There is quite the illustrious list of guest speakers we have had for my JLM 312 class. Mike Vaccaro, Amy Moritz, and Will Leitch, who I have already written about for something else. Then there is Tyler Dunne.

Dunne has one of the coolest jobs in all of sports journalism. He gets to write features on NFL players essentially full time for Bleacher Report. He has written these on several of the NFL’s best players, including Aaron Rodgers, Andrew Luck, and Le’Veon Bell.

When Dunne first started, he thought he wanted to cover a beat. He said that was his dream job. And growing up, his favorite team was the Green Bay Packers. Most people don’t get their dream job so quickly out of college, but Dunne became a Packers’ beat writer for the Milwaukee Journal Sentinel. He also covered the Buffalo Bills for the Buffalo News.

When asked what his favorite athlete he got to cover was, he replied that going down to Mississippi to feature Brett Favre was his career highlight.

The most important thing Dunne brought to the class was his personality. He looks rather intimidating, with arms bigger than those of some of the NFL players he’s written about. As soon as he speaks, that intimidation goes away. He has a very warm tone, and is incredibly inviting.

He had a lot of interesting stories to tell about some of the players, including stuff that didn’t make it into his features. He gave nice tips on how to write features, with an interesting insight into how to ethically handle writing features.
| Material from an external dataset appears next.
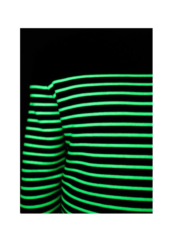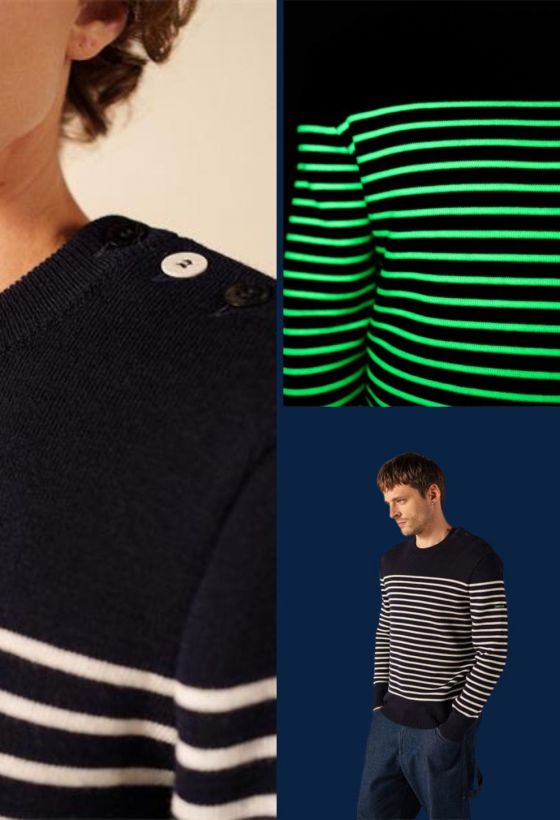 Résumé : Pull marin mixte en côte 1x1, laine 80% / polyester 20%, col rond, coupe droite. Ses rayures et un bouton deviennent phosphorescents dans l’obscurité après exposition à la lumière. Couleur : Marine/Phosphorescent. Prix : 199 €.

For example, he spoke about contacting a player’s family members. Parents have the best quotes about their kids, but he always tries to get family contacts through the player himself. If the player doesn’t want to give away his family’s contact, Dunne is not very keen on going behind someone’s back. He likes to keep the trust, and not violate privacy.

Dunne talked a lot about accountability. When he writes something that makes a player angry, he goes to the locker room the next day and lets the player talk directly to him. He always wants to let the players have a fair representation, and if they have a problem, he isn’t afraid to talk about it.
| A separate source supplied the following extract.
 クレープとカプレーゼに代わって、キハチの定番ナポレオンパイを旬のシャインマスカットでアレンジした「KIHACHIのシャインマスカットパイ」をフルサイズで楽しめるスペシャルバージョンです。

Dunne seems to be lucky in that he hasn’t really had a bad experience with a player. He said he’s had a few guys who don’t say much, but no one who has been a nightmare.

Tyler Dunne left a pretty big impression on me. For one, I’m very jealous of the job he has. Travelling to just write features on athletes is now a mini dream of mine, and seeing that it is possible is now rather encouraging.

But more importantly, I’ll take away the person he is. He’s a very humble person, and was very inviting to the class to ask questions. I hope to handle my future career with the professionalism and grace of Tyler Dunne.